THE TASK
Output exactly the lines below, starting with the line that has "肉烂汤甜,汤汁乳白,可饮汤食" and going on through the line that has "τσέπες και cropped", both included, and no other lines.

RECORDS SUPPLIED
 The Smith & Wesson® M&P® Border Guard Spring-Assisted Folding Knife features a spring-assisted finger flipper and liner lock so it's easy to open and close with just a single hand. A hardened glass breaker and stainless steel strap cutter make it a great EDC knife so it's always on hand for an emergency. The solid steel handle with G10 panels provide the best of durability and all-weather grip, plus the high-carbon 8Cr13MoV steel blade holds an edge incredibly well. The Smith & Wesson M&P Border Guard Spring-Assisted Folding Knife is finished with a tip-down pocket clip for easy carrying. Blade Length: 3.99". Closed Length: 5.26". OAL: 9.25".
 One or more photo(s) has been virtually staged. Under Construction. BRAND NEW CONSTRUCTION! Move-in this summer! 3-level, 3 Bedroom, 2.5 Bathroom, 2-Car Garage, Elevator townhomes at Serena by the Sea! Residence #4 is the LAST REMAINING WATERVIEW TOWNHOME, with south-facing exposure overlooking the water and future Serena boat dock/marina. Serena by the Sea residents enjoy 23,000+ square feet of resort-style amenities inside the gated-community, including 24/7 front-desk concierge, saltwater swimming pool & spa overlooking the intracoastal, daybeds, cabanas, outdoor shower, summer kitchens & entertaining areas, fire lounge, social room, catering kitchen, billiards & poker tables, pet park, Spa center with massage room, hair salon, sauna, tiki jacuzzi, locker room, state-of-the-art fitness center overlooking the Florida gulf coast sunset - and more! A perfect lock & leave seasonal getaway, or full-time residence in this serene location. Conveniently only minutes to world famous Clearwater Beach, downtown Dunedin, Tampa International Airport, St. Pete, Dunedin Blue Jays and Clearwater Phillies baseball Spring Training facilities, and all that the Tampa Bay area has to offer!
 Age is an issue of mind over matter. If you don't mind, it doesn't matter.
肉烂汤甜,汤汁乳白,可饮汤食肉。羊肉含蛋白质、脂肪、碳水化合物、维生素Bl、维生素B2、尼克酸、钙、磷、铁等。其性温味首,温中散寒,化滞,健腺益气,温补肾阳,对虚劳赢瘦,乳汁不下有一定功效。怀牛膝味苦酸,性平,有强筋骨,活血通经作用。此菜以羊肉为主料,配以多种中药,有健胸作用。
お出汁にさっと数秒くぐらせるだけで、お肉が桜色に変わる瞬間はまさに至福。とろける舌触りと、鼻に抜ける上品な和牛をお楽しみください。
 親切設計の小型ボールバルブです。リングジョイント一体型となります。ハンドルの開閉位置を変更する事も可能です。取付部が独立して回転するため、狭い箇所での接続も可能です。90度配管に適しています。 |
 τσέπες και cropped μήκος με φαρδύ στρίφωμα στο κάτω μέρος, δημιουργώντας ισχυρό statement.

...

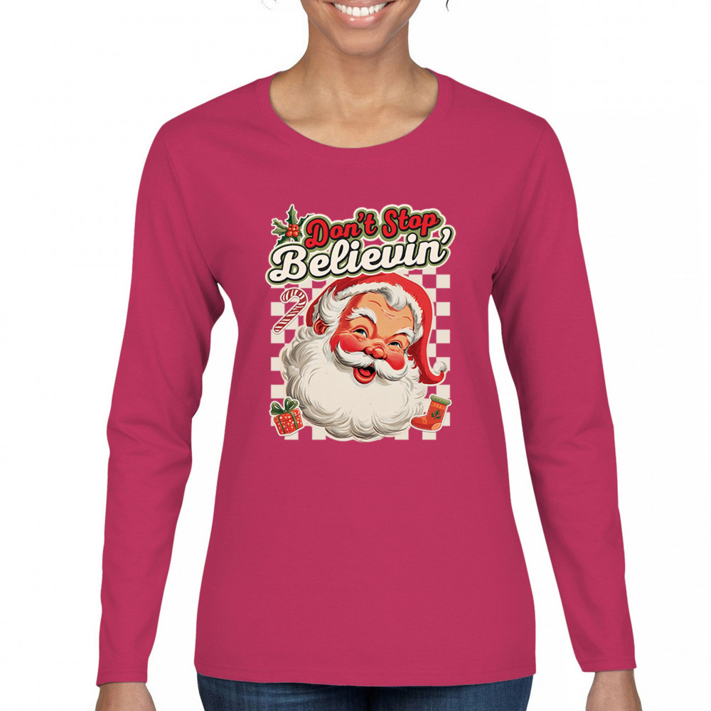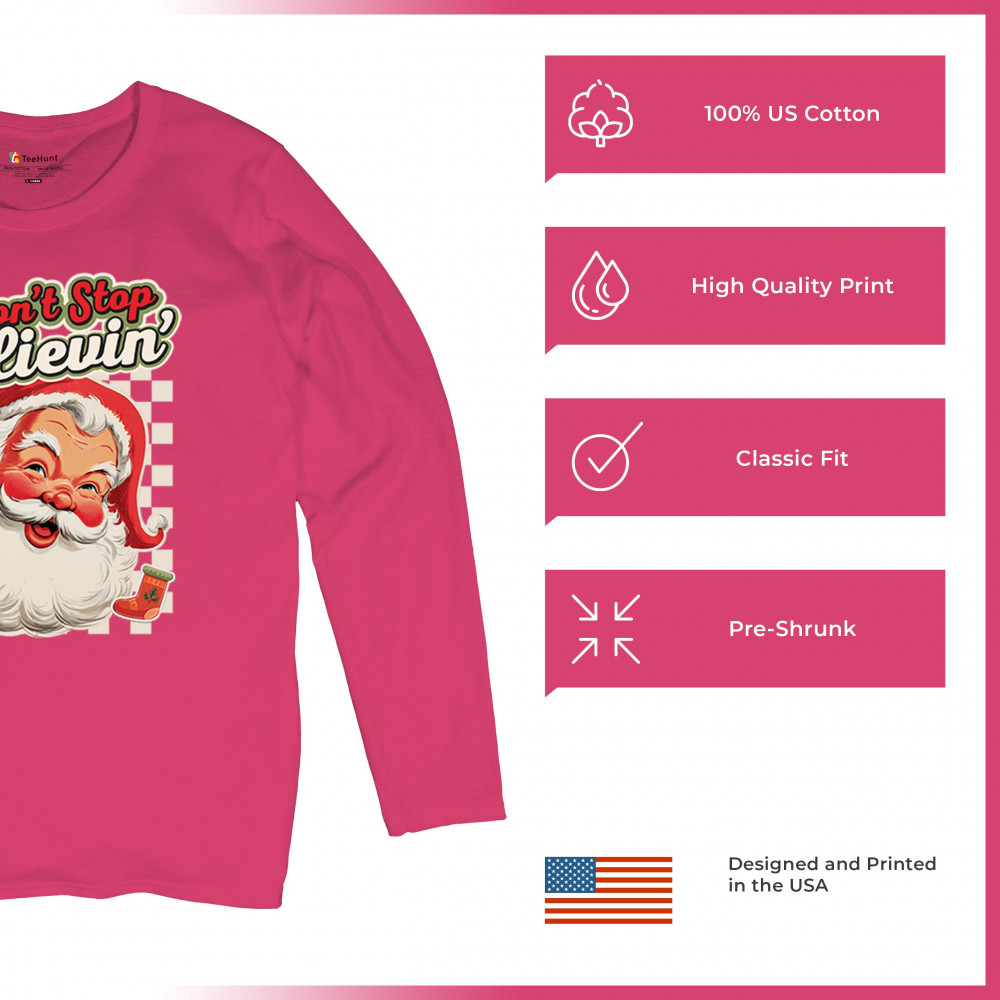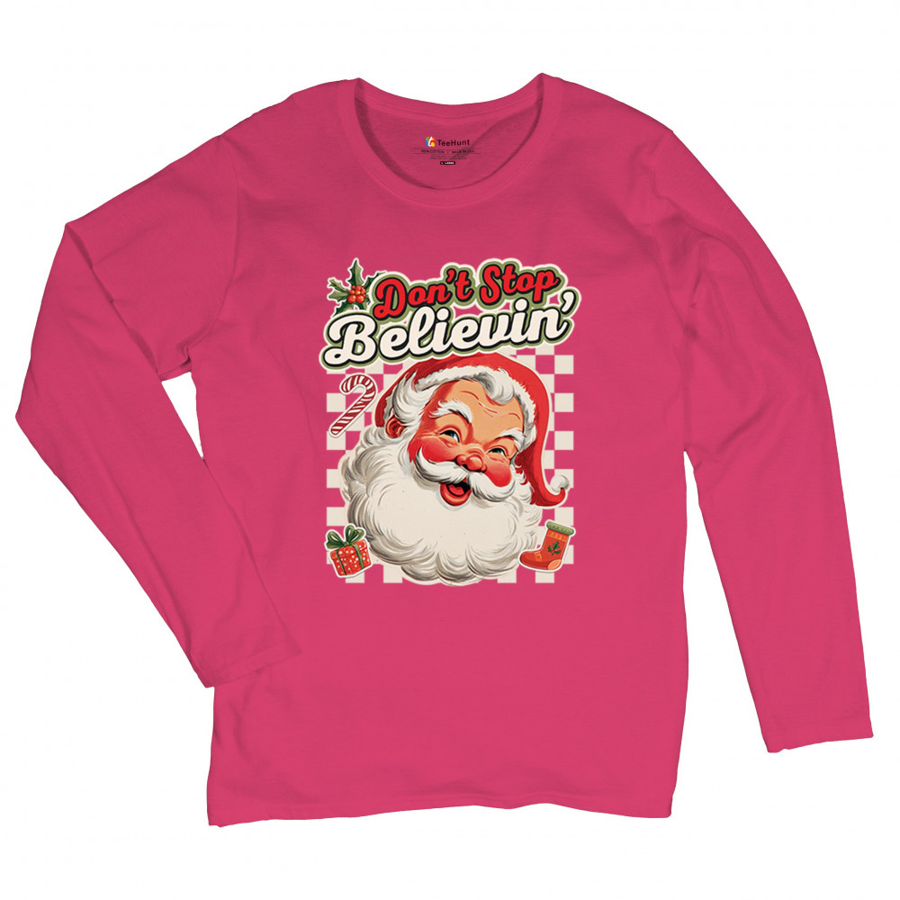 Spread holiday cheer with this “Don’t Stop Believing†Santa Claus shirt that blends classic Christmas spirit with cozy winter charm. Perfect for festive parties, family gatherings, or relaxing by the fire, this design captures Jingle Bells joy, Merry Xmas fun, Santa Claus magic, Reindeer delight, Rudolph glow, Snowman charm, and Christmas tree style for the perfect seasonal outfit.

==

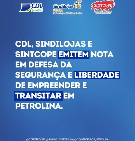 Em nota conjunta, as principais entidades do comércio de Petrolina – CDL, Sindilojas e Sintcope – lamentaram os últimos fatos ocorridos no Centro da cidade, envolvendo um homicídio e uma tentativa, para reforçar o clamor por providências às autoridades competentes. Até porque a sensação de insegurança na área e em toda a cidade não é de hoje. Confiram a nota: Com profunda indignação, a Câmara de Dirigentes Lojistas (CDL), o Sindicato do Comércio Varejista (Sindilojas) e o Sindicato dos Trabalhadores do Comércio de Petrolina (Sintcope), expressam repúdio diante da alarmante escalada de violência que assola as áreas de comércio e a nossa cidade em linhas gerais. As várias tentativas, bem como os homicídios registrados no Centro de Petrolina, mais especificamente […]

RESULT OF THE EXERCISE
肉烂汤甜,汤汁乳白,可饮汤食肉。羊肉含蛋白质、脂肪、碳水化合物、维生素Bl、维生素B2、尼克酸、钙、磷、铁等。其性温味首,温中散寒,化滞,健腺益气,温补肾阳,对虚劳赢瘦,乳汁不下有一定功效。怀牛膝味苦酸,性平,有强筋骨,活血通经作用。此菜以羊肉为主料,配以多种中药,有健胸作用。
お出汁にさっと数秒くぐらせるだけで、お肉が桜色に変わる瞬間はまさに至福。とろける舌触りと、鼻に抜ける上品な和牛をお楽しみください。
 親切設計の小型ボールバルブです。リングジョイント一体型となります。ハンドルの開閉位置を変更する事も可能です。取付部が独立して回転するため、狭い箇所での接続も可能です。90度配管に適しています。 |
 τσέπες και cropped μήκος με φαρδύ στρίφωμα στο κάτω μέρος, δημιουργώντας ισχυρό statement.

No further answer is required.